The rIMP,SEQ-values varied considerably across chromosomes and dropped at several positions along the genome. Previous studies that used array-derived genotypes showed that a decline in imputation accuracy may indicate intra- or inter-chromosomal misplacement of SNPs [12, 48, 49]. We detected low rIMP,SEQ-values at regions where the bovine genome contains large segmental duplications [40, 41]. The population-wide imputation of sequence variant genotypes for BTA12 and 23 was not possible using Fimpute. Assessing the accuracy of imputation along these chromosomes using cross-validation within the data of sequenced animals revealed large segments with low imputation quality on both chromosomes including the highly variable major histocompatibility complex . We were able to eventually impute sequence variant genotypes for BTA12 and 23 using FImpute when those segments were excluded from the reference panel. Imputing genotypes within both segments was possible using Minimac. However, the inferred genotypes are flawed and must be treated with caution as our results show (see Additional file 7: Figure S6). While an improved assembly of the reference genome may resolve some of these problems, a better resolution of large structural elements is not possible using short paired-end DNA sequencing . Since flawed genotypes compromise downstream analyses [24, 25], it is advisable to exclude sequence variants within segments of low imputation quality from the target population and retain the array-derived genotypes only.

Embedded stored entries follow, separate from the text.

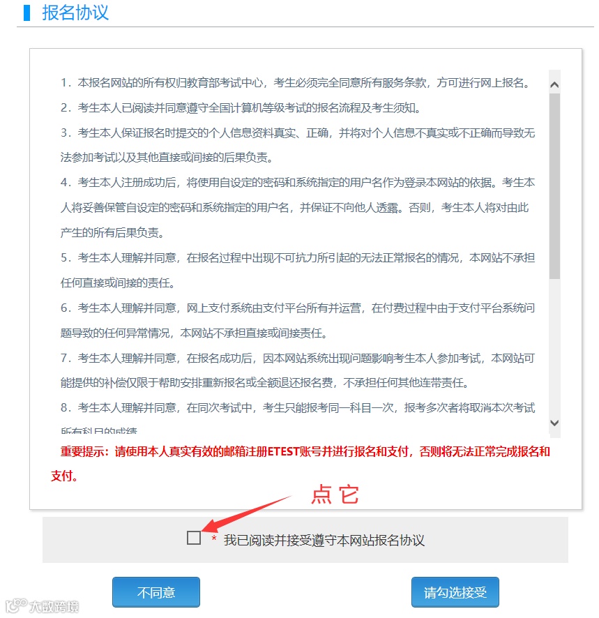 登陆后,点击“开始报名”,认真阅读报名协议及其考试注意事项,最后打勾点“我同意”。
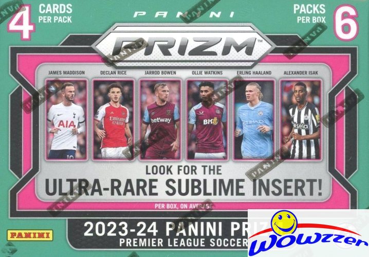 Wowzzer! We are Proud to offer this 2023/24 Panini Prizm Premier League Soccer EXCLUSIVE Factory Sealed Blaster Box! This Exclusive Factory Sealed Box Includes 6 Packs and 4 Cards per Pack Including 18 Blaster-Exclusive PINK Mosaic Prizms, Two Base Orange Mosaic Prizms, One Purple Mosaic Prizm or Silver Prizm, and Two Inserts! The international juggernaut that is Prizm Premier League returns for the 2023/24 season with a vibrant array of Prizm parallels, including the hobby blaster-exclusive Blue Mosaic Prizms. Now, as always, Prizm is packed with a spectular insert lineup that includes the aforementioned staples as well as Fireworks, Emergent, Talismen, Prizm Flashback 2012 and more.
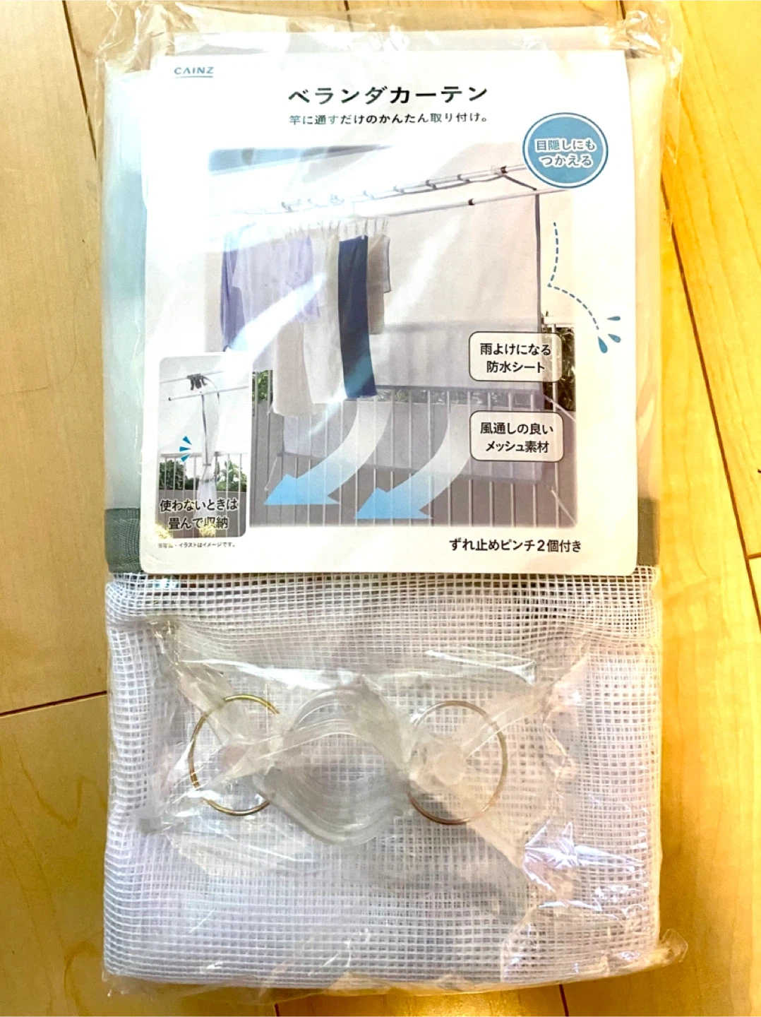 カインズのベランダカーテンです。 ・ベランダカーテン ・雨よけになる防水シート ・風通しの良いメッシュ素材 ・ずれ止めピンチ2個付き ・未使用時は畳んで収納可能 ・取り付け可能サイズ:竿から手すりまで4cm以下、手すりから床まで150cm以上、メッシュネット部分40cm ・商品状態:未使用・室内保管 中古品であるということをご了承の上、ご購入ください。 ご不明点等ございましたらご連絡ください。
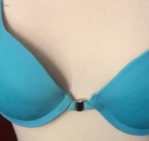 Turquoise padded push-up bra with lace racerback cheetah print design. Underwire. Front closure. Wor... Show more
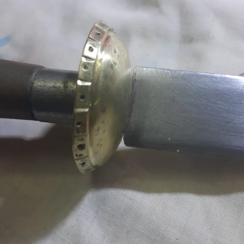 یک قاب برنجی محافظ دست هم روش سوار شده با ورق قطور .

We assessed the performance of FImpute and Minimac because both methods can impute millions of polymorphic sites in large populations within a reasonable time. Previous studies showed that FImpute is more accurate than other tools with similar computing costs [52, 53]. The population-based genotype imputation algorithm implemented in Minimac is highly accurate and fast because it takes previously phased genotypes as input [11, 54]. We phased the target population using Eagle because it enables timely and accurate haplotype inference . Although the computing costs to impute 23 million sequence variants in 6958 animals were more than ten-fold higher with Eagle and Minimac than FImpute, the wall-clock time was only 1.67-fold higher because Eagle and Minimac enable multi-threading to reduce the process time [32, 54]. The difference in computing costs is greater when haplotypes are not available for the reference animals. Since many variant detection pipelines include phasing and imputation algorithms [2, 47, 55], the computing time required to phase the sequence data was not considered in our study. However, the phasing of the reference panel was necessary because the variant detection pipeline of the 1000 bull genomes project was applied to successive 5-Mb segments rather than whole chromosomes .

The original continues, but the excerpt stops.